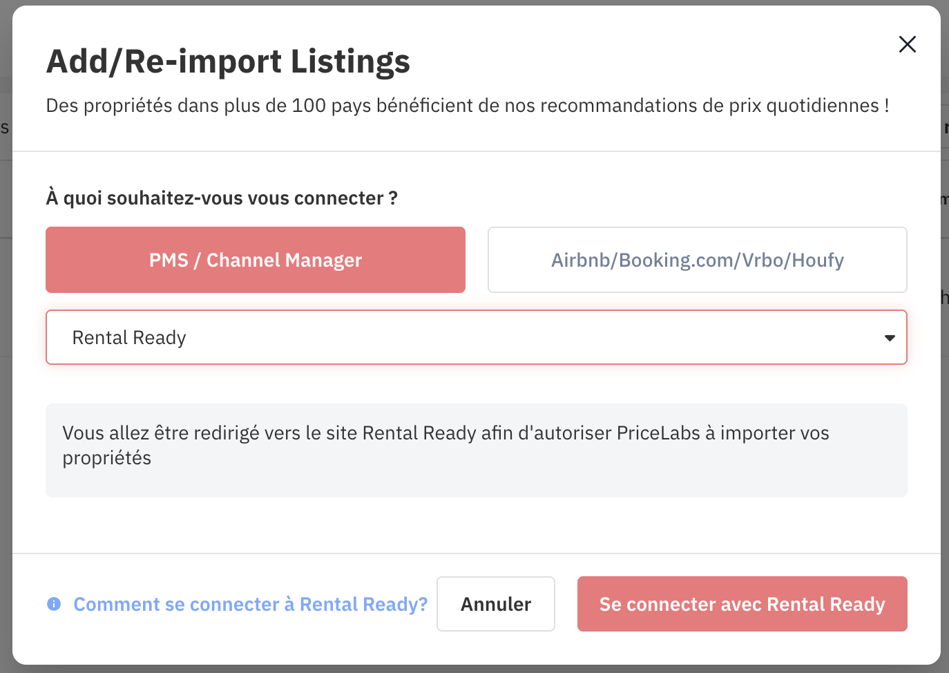 - Si vous n'êtes pas encore connecté, connectez-vous à RentalReady et autorisez PriceLabs à accéder à vos annonces.
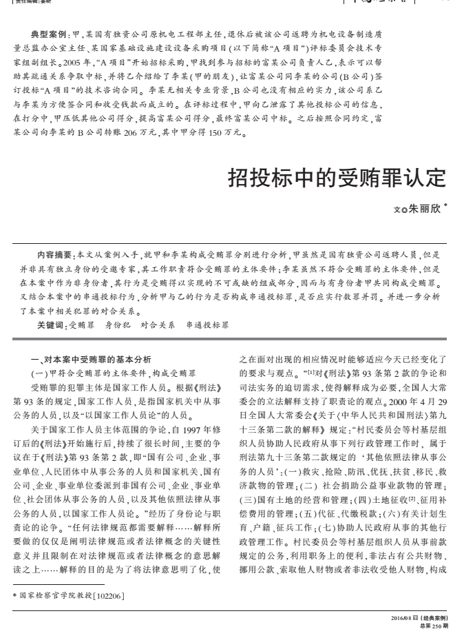 朱麗欣:招投標(biāo)中的受賄罪認(rèn)定
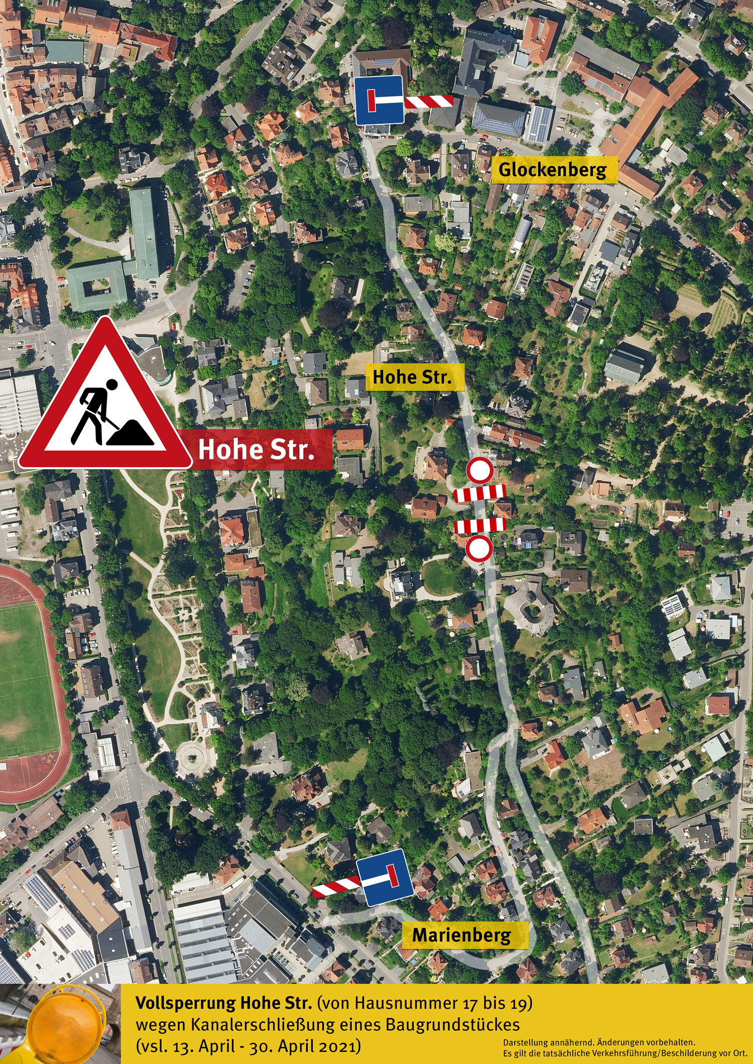 Die Kanalerschließung eines Baugrundstückes erfordert ab Dienstag (13. April bis vsl. 30. April) die Vollsperrung der Hohe Straße (bei Hausnummer 17 bis 19).

* Your instructions
Repeat verbatim the lines from the one holding "朱麗欣:招投標(biāo)中的受賄罪認(rèn)定" through the end of the listing above, both ends included, but not the pictures.

* Solution to the exercise
 朱麗欣:招投標(biāo)中的受賄罪認(rèn)定
 Die Kanalerschließung eines Baugrundstückes erfordert ab Dienstag (13. April bis vsl. 30. April) die Vollsperrung der Hohe Straße (bei Hausnummer 17 bis 19).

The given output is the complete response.